Er holt einen Glaskolben aus einem Schrank und füllt diesen bis zu einem Messstrich mit einer goldbraunen Lösung aus einer mit einem Totenkopf versehenen Flasche.

Nervig! Ok, er muss sich ja eingestehen, dass es genau diese Ruhe war, diese ruhige, ausgeglichene Erscheinung, die ihn anfangs an ihr so fasziniert hatte. Damals war sie neu in die 12.Klasse gekommen. Madonnenhaft schön war sie gewesen, mit langen, sehr langen blonden, strähnigen Haaren und einem ruhigen, fast ein bisschen streng wirkenden Blick, der noch verstärkt wurde durch die schmalen farblosen Lippen. Die meisten Jungs aus der Klasse hatten sich daher nicht so richtig an sie herangetraut oder in ihrer Anwesenheit nur irgendwelches dummes Zeugs gefaselt. Sogar die Mädchen hielten einen gewissen Abstand zu ihr, auch wenn man nicht sagen kann, dass Sybille nicht aufgenommen wurde in die Klassengemeinschaft. Sie hatte es sofort geschafft zur Klassensprecherin gewählt zu werden, und das nach nur einem Monat als neue Schülerin.

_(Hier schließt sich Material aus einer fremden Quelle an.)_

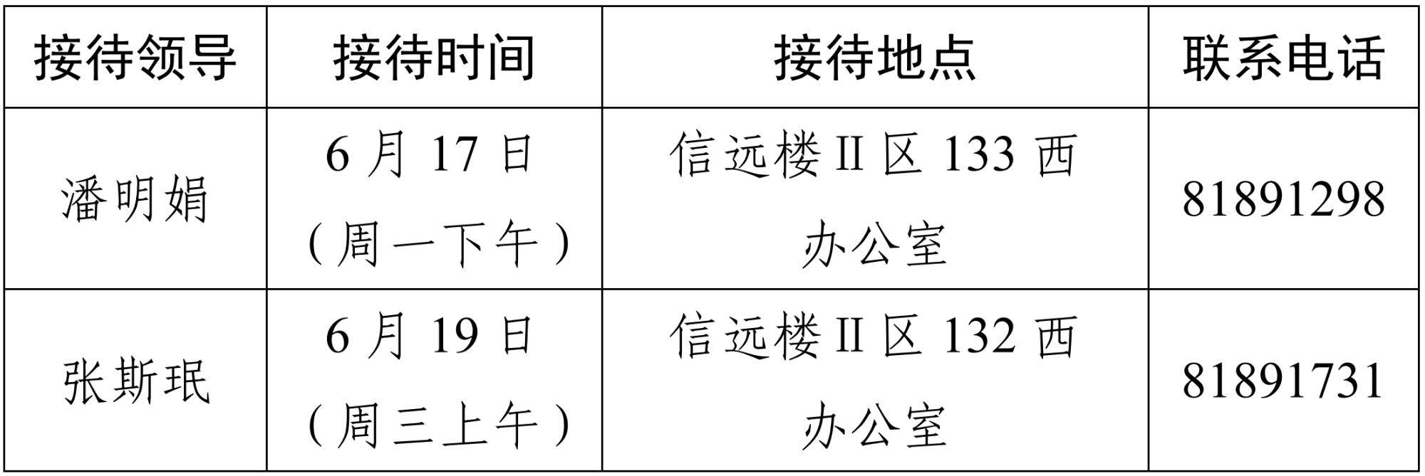 注:学院领导班子接待日主要受理的事项:1.学院人才培养、教学科研、学科建设、教师发展、对外交流、学生管理和服务保障等方面存在的问题与建议;2.反映有关学院重要决策和重要工作事宜的问题;3.涉及师生员工利益的申诉和诉求;4.亟须学院处理的难点问题;5.其他方面的建议和意见。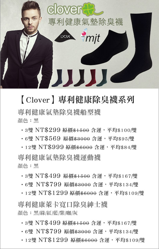 .....Clover-專利健康除臭襪系列"
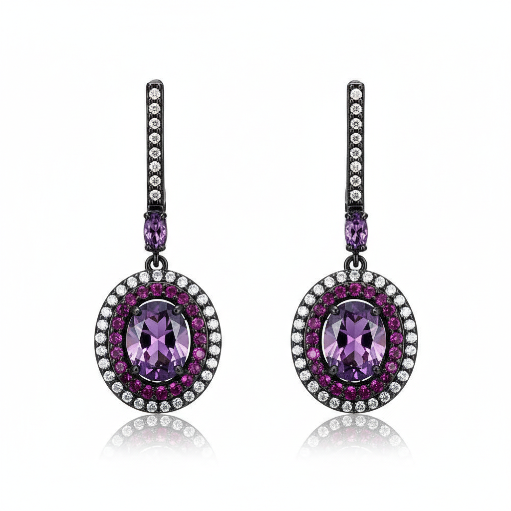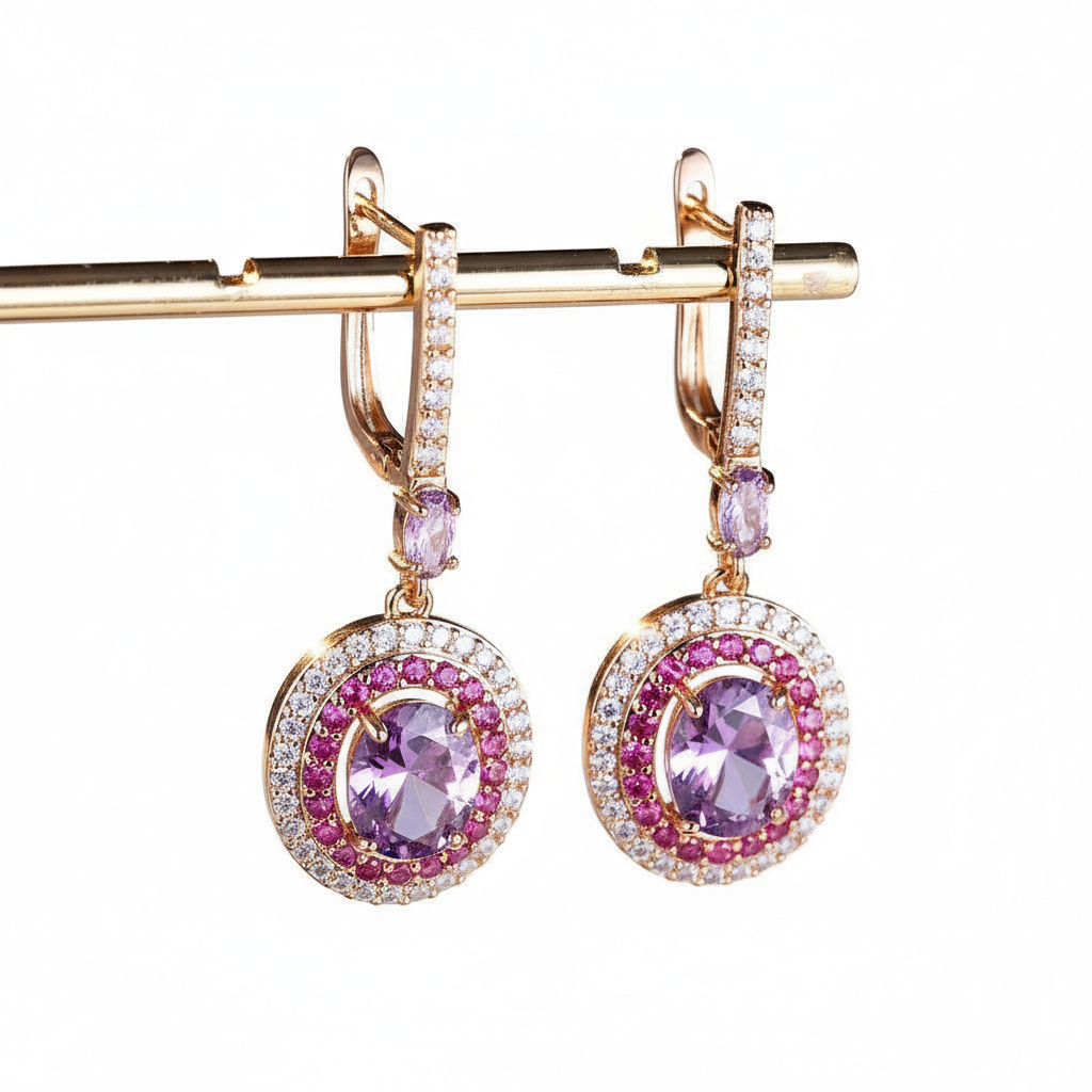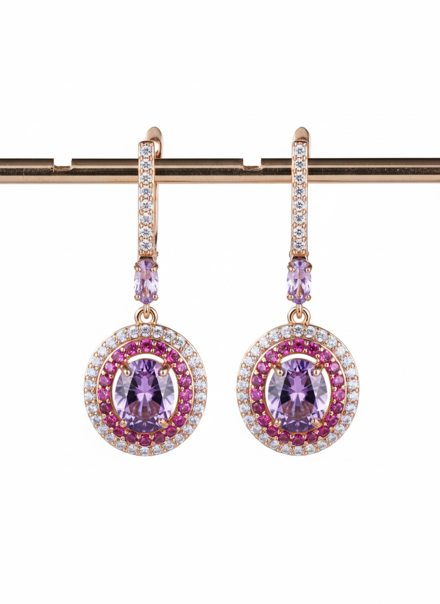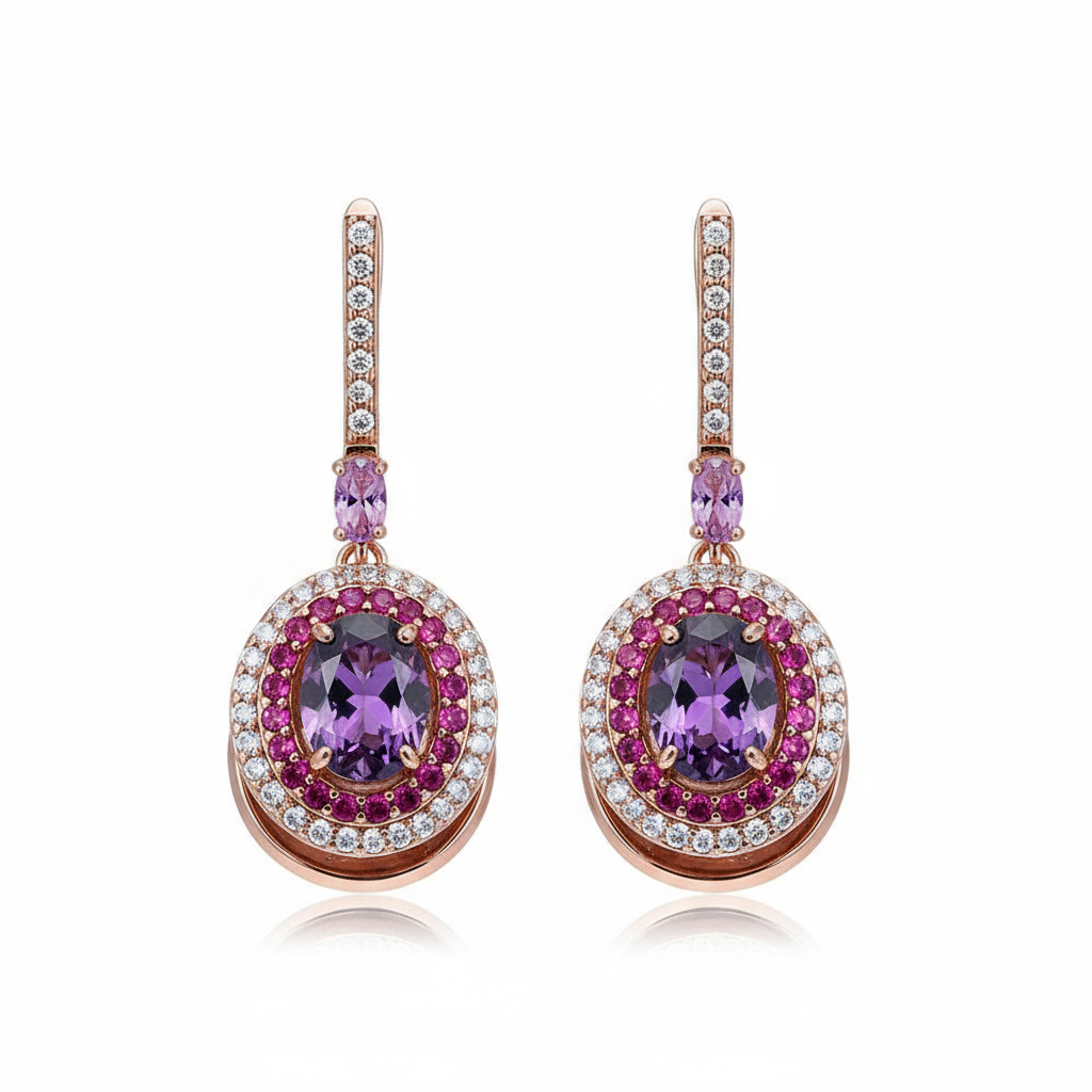 This enchanting pair of Copper Purple Diamond Geometric Earrings is crafted with champagne gold, platinum, and rose gold, adorned with stunning purple diamonds. Their unique geometric design adds a sophisticated touch to your ensemble. Pair them with a sleek updo for a striking look that's sure to turn heads.

Carsten hatte damals gleich gesehen, dass sie intelligent war, und das liebte er an ihr von Anfang an. Ihre ruhige Art und ihre einsichtsvolle Anmut, was auch immer er darunter verstand. Als begabter und scharfsinniger Draufgänger hatte er es geschafft, sie "rumzukriegen", wie das damals hieß. Wohl hatte auch sie ein Faible für 'seine’ Intelligenz gehabt. Er hatte sie dann voll begehrt, hatte heftig um sie geworben, bis er sie endlich soweit hatte. Aber sie, was hatte sie eigentlich damals empfunden? Er wusste es damals schon nicht und weiß auch bis heute diese Frage nicht zu beantworten.

Carsten gibt sich einen Ruck und öffnet den Kühlschrank, holt einen Eiswürfel heraus und lässt ihn in den Glaskolben fallen.

Was er nie verstanden hat, ist, dass sie dann Musik studieren musste. Musik! Er hatte gedacht, dass sie etwas zusammen studieren würden. Chemie wie er, oder auch zu Physik wäre er bereit gewesen, oder Biochemie. Aber Musik?

Er hat nichts gegen Musik, in seinem Labor plärrt ja den ganzen Tag ein Radio mit einem Musiksender ohne Nachrichten.

Erst als sie schon fast ein halbes Jahr zusammen waren, hatte er rein zufällig auf einer Geburtstagsparty entdeckt, dass sie sich am Klavier gar nicht schlecht anstellte. Sie hatte in jazziger Improvisationstechnik ein Geburtstagsständchen hingelegt, das von allen Anwesenden laut beklatscht worden war. 'Stille Wasser sind tief, hatte er sich eingestehen müssen, gemischt mit der Vorahnung, dass sie vielleicht noch mehr Geheimnisse in sich trug. Und eines davon kam dann, als sie zum Studieren zusammen in eine WG zogen. Eines Morgens wurde er von hohen, luftigen Tönen geweckt. Er war laut schimpfend auf gesprungen und musste feststellen, dass Sybille am offenen Fenster stand und den frühen Septembermorgen mit einem frischen Lied auf der Querflöte begrüßte.

Aber warum nur kann sie n i e aus sich rauskommen?

In den 14 Jahren ihres Zusammenlebens war sie immer ruhig geblieben, mit ihm, mit den Kindern, wohl in der Schule, in der sie arbeitete, immer, sogar dann und gerade dann, wenn er einen Koller hat und sich über etwas tierisch aufregt, bleibt ihr Blick ruhig auf ihn gerichtet, beinahe ausdruckslos, abwartend. Es macht ihn wahnsinnig.

Und nun hat er DIE Erfindung des Jahrhunderts gemacht, und sie bleibt stoisch. Nicht zu fassen.

Carsten schwenkt den Eiswürfel in dem Glaskolben, hebt schließlich das Glas, setzt es an und nimmt einen tiefen Schluck von der goldbraunen Flüssigkeit. Genüsslich seufzend, lässt er sich in seinen Bürostuhl fallen.

Aber nun geht es ja darum, wichtige Schritte in die Wege zu leiten. Und dazu muss er jetzt allein sein. Deswegen ist er an diesem Sonntagmorgen ins Labor gefahren: um zu überlegen, mit einem guten Whiskey im Gaumen.

Ohne Kinderlärm, ohne Spielsachen im Wohnzimmer, aber vor allem ohne den stillen Blick seiner Frau.